When I Grow Up I Want to be a Meme by Dan Holloway

OK, first and very briefly the pluggy thing - I have a new book out. Last Man Out of Eden is a collection of lyrical poetry. The paperback and audio download will be out later this month - the ebook is out now.

With a lyrical confessional style that takes in equal amounts from Ferlinghetti, Tracey Emin, and Patti Smith’s Just Kids. These poems celebrate the healing powers of time, non-violence, and remembrance but above all carry a simple message:

Celebrate the lives of those you love because one day they won’t be with you any longer and you’ll be left writing poetry about how you wish you’d loved them more.
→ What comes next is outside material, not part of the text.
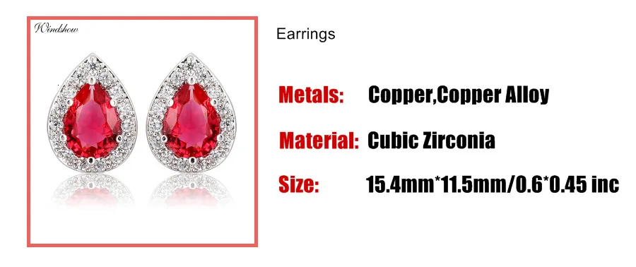 Windshow Pear Cut Red AAA CZ Zircon w/ White CZ Accent Teardrop Stud Earrings For Women White Gold Color Jewelry Orecchini Aros

To get an idea, this is a video of me performing one of them, Hungerford Bridge, at the Hammer and Tongue Oxford poetry slam grand final a couple of days ago.



And this is my poem Mentalist, about the effect of welfare reforms on those with mental health issues - I was truly honoured that of the 16 poems in the first round this was the one that scored second highest. If it's an issue you care about, I'd love it if you pointed people to the video (the review site Sabotage were kind enough to say it was "a poem everyone in the country should hear"!) - better still any MPs - the URL is here.

And back to the subject at hand. Since I was last here, I've launched a new blog, The Cynical Self-publisher. It's the blog I've been getting around to for over three years now, which I hope means I won't be short of material and opinions.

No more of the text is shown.